**DIRECTIONS:** Copy exactly the run of lines that begins at the line with "Playstation4 spilpakke med" and ends at the final line of the entries.
-- PROVIDED RECORDS follows --
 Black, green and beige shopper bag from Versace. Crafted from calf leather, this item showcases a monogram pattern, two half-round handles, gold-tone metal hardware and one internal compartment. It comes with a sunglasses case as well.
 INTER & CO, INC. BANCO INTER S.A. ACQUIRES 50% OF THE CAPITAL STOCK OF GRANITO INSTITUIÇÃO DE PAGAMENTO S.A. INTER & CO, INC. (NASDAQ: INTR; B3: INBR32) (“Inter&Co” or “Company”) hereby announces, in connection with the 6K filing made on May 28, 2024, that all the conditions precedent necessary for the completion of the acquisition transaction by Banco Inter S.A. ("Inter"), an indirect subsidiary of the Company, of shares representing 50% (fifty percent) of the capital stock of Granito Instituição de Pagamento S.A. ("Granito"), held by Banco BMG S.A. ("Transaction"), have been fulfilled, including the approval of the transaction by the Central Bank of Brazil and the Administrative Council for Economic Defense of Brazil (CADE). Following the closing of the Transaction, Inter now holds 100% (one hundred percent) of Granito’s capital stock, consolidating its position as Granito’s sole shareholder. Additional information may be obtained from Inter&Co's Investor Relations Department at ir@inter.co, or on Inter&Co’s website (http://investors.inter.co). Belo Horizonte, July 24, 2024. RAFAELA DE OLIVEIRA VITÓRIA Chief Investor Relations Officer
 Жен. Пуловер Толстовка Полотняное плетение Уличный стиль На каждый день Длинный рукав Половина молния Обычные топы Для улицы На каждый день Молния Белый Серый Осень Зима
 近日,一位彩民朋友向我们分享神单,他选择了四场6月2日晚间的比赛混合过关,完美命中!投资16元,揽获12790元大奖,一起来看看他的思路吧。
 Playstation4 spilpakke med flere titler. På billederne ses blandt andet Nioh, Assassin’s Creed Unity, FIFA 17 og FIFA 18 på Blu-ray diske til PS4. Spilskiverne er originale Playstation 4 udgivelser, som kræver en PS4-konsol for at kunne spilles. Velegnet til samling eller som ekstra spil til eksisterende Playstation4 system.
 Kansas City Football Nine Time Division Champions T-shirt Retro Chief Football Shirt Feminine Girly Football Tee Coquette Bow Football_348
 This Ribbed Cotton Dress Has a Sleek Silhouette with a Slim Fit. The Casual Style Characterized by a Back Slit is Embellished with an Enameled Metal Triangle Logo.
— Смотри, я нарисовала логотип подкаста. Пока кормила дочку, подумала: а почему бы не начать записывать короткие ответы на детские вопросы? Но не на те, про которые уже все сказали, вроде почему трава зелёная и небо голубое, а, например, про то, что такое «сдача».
-- PROVIDED RECORDS concluded --
**RESULT OF THIS TASK:**
 Playstation4 spilpakke med flere titler. På billederne ses blandt andet Nioh, Assassin’s Creed Unity, FIFA 17 og FIFA 18 på Blu-ray diske til PS4. Spilskiverne er originale Playstation 4 udgivelser, som kræver en PS4-konsol for at kunne spilles. Velegnet til samling eller som ekstra spil til eksisterende Playstation4 system.
 Kansas City Football Nine Time Division Champions T-shirt Retro Chief Football Shirt Feminine Girly Football Tee Coquette Bow Football_348
 This Ribbed Cotton Dress Has a Sleek Silhouette with a Slim Fit. The Casual Style Characterized by a Back Slit is Embellished with an Enameled Metal Triangle Logo.
— Смотри, я нарисовала логотип подкаста. Пока кормила дочку, подумала: а почему бы не начать записывать короткие ответы на детские вопросы? Но не на те, про которые уже все сказали, вроде почему трава зелёная и небо голубое, а, например, про то, что такое «сдача».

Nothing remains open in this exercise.